**Aim of the task**
Retype every line from the start of the data down to and including the line with "This sign is". Skip the pictures.

**Information provided**
:::

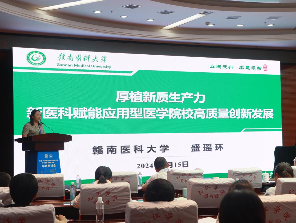 盛瑤環(huán)作了題為《厚植新質(zhì)生產(chǎn)力:新醫(yī)科賦能應(yīng)用型醫(yī)學(xué)院校高質(zhì)量創(chuàng)新發(fā)展》的報告。報告將發(fā)展新質(zhì)生產(chǎn)力與應(yīng)用型本科高校的建設(shè)深度鏈接,以贛南醫(yī)科大學(xué)的發(fā)展征程為藍本,探討其在“新醫(yī)科”發(fā)展中的創(chuàng)新做法,打造具有地方特色與學(xué)科特點的人才培養(yǎng)高地。
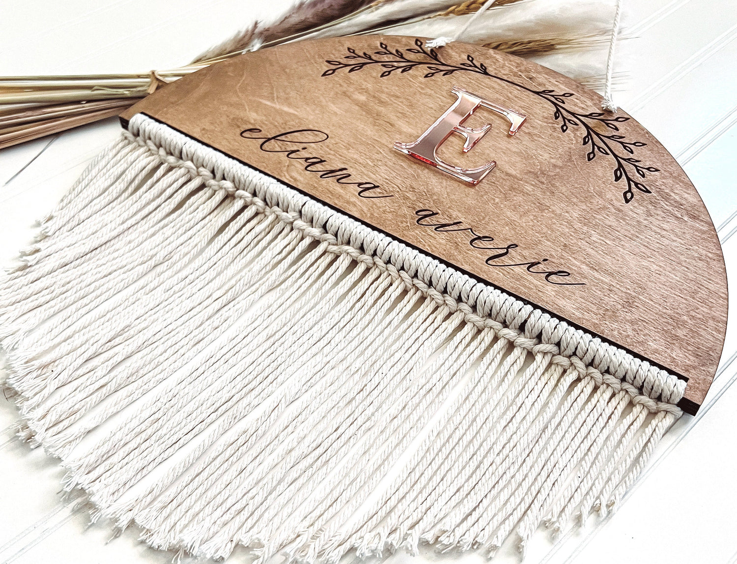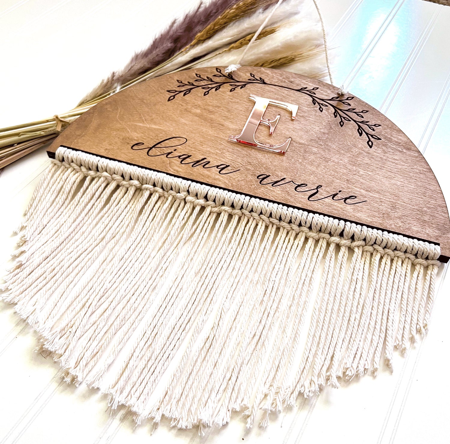 This sign is made with 2 layers of ¼’ birch, is stained and engraved with a beautiful floral pattern, and your baby’s name. The letter is cut from a beautiful rose gold acrylic and the sign is completed with a cotton macrame cord to give it the comfy boho feel.
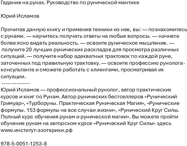 Гадание на рунах. Руководство по рунической мантикеВ данный момент этот товар отсутствует в продаже. Возможно, у нас найдется аналогичный или похожий товар здесь. Эта книга – ваш проводник в мир рун, который поможет не только познакомиться с древними символами, но и научиться применять их в повседневной жизни. Вы освоите методики гадания, толкования и разовьёте руническое мышление. На её страницах вы найдёте 20 лучших раскладов для анализа различных ситуаций, получите точные трактовки каждой руны и научитесь получать ответы на любые вопросы. Книга даст вам возможность яснее видеть реальность, глубже понимать происходящее и даже освоить профессию рунолога-консультанта, чтобы работать с клиентами и помогать им разбираться в жизненных ситуациях. Подходящая как для новичков, так и для тех, кто хочет углубить свои знания, она станет практическим руководством на пути к пониманию рун и их силы. |

:::

**Your solution**
 盛瑤環(huán)作了題為《厚植新質(zhì)生產(chǎn)力:新醫(yī)科賦能應(yīng)用型醫(yī)學(xué)院校高質(zhì)量創(chuàng)新發(fā)展》的報告。報告將發(fā)展新質(zhì)生產(chǎn)力與應(yīng)用型本科高校的建設(shè)深度鏈接,以贛南醫(yī)科大學(xué)的發(fā)展征程為藍本,探討其在“新醫(yī)科”發(fā)展中的創(chuàng)新做法,打造具有地方特色與學(xué)科特點的人才培養(yǎng)高地。
 This sign is made with 2 layers of ¼’ birch, is stained and engraved with a beautiful floral pattern, and your baby’s name. The letter is cut from a beautiful rose gold acrylic and the sign is completed with a cotton macrame cord to give it the comfy boho feel.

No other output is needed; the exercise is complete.